(What you will do):
Copy the listing exactly, images excluded.

(Supplied material):

▬▬▬▬▬▬

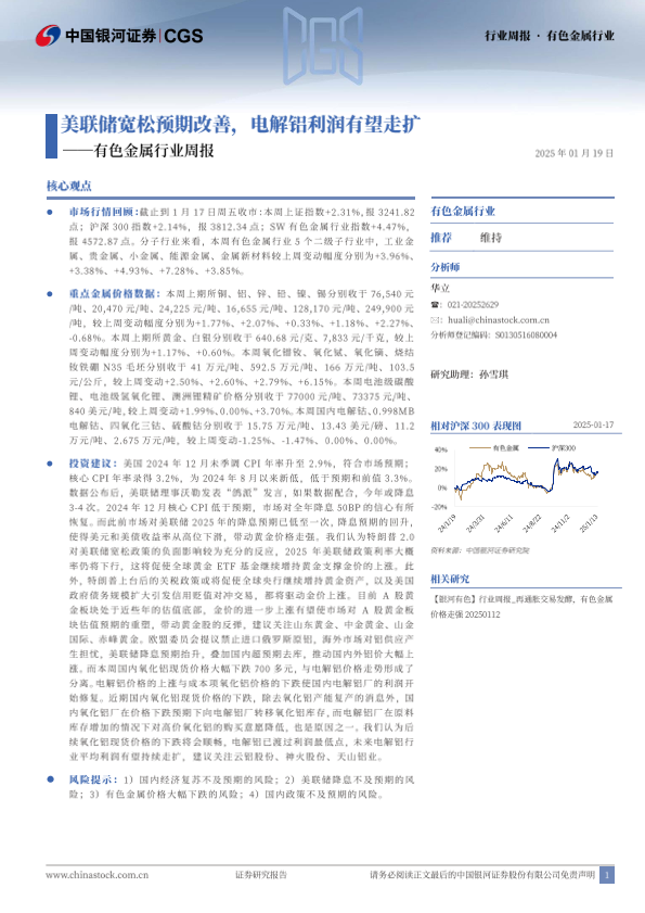 【银河证券】【20250119】20250119-中国银河-有色金属行业周报:美联储宽松预期改善,电解铝利润有望走扩-20页
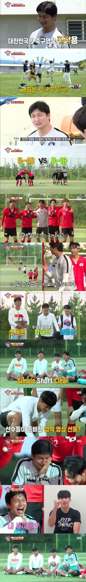 이후 멤버들은 정 감독의 지도하에 U-16 국가대표 선수들과 팀워크 훈련 대결을 하기도 했다. U-16 팀과 일명 ‘U-40 팀’ 멤버들은 접전의 팀워크를 보여줬고, ‘집사부일체’ 멤버들이 간발의 차로 첫 승리를 가져갔다.
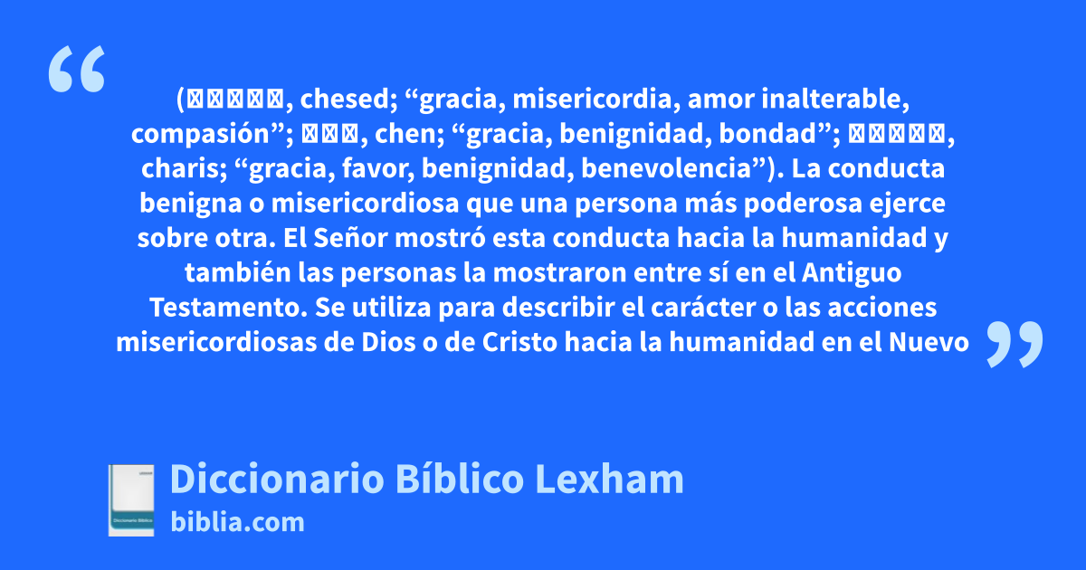 Gracia (חֶסֶד, chesed; “gracia, misericordia, amor inalterable, compasión”; חֵן, chen; “gracia, benignidad, bondad”; χάρις, charis; “gracia, favor, benignidad, benevolencia”). La conducta benigna o misericordiosa que una persona más poderosa ejerce sobre otra. El Señor mostró esta conducta hacia la humanidad y también las personas la mostraron entre sí en el Antiguo Testamento. Se utiliza para describir el carácter o las acciones misericordiosas de Dios o de Cristo hacia la humanidad en el Nuevo Testamento. Los dones espirituales se describen como “por gracia”. Recurso literario usado al comienzo y al final de muchas cartas del Nuevo Testamento.
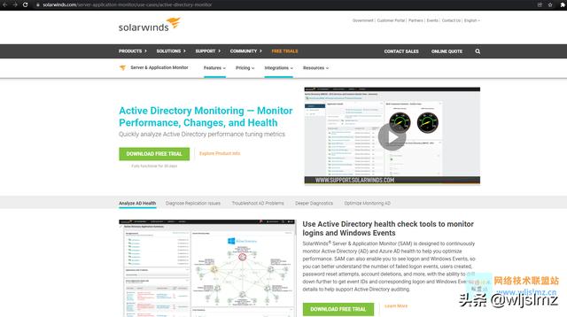 3、SolarWinds官网链接https://www.solarwinds.com/server-application-monitor/use-cases/active-directory-monitor

▬▬▬▬▬▬

(Your response):
 【银河证券】【20250119】20250119-中国银河-有色金属行业周报:美联储宽松预期改善,电解铝利润有望走扩-20页
 이후 멤버들은 정 감독의 지도하에 U-16 국가대표 선수들과 팀워크 훈련 대결을 하기도 했다. U-16 팀과 일명 ‘U-40 팀’ 멤버들은 접전의 팀워크를 보여줬고, ‘집사부일체’ 멤버들이 간발의 차로 첫 승리를 가져갔다.
 Gracia (חֶסֶד, chesed; “gracia, misericordia, amor inalterable, compasión”; חֵן, chen; “gracia, benignidad, bondad”; χάρις, charis; “gracia, favor, benignidad, benevolencia”). La conducta benigna o misericordiosa que una persona más poderosa ejerce sobre otra. El Señor mostró esta conducta hacia la humanidad y también las personas la mostraron entre sí en el Antiguo Testamento. Se utiliza para describir el carácter o las acciones misericordiosas de Dios o de Cristo hacia la humanidad en el Nuevo Testamento. Los dones espirituales se describen como “por gracia”. Recurso literario usado al comienzo y al final de muchas cartas del Nuevo Testamento.
 3、SolarWinds官网链接https://www.solarwinds.com/server-application-monitor/use-cases/active-directory-monitor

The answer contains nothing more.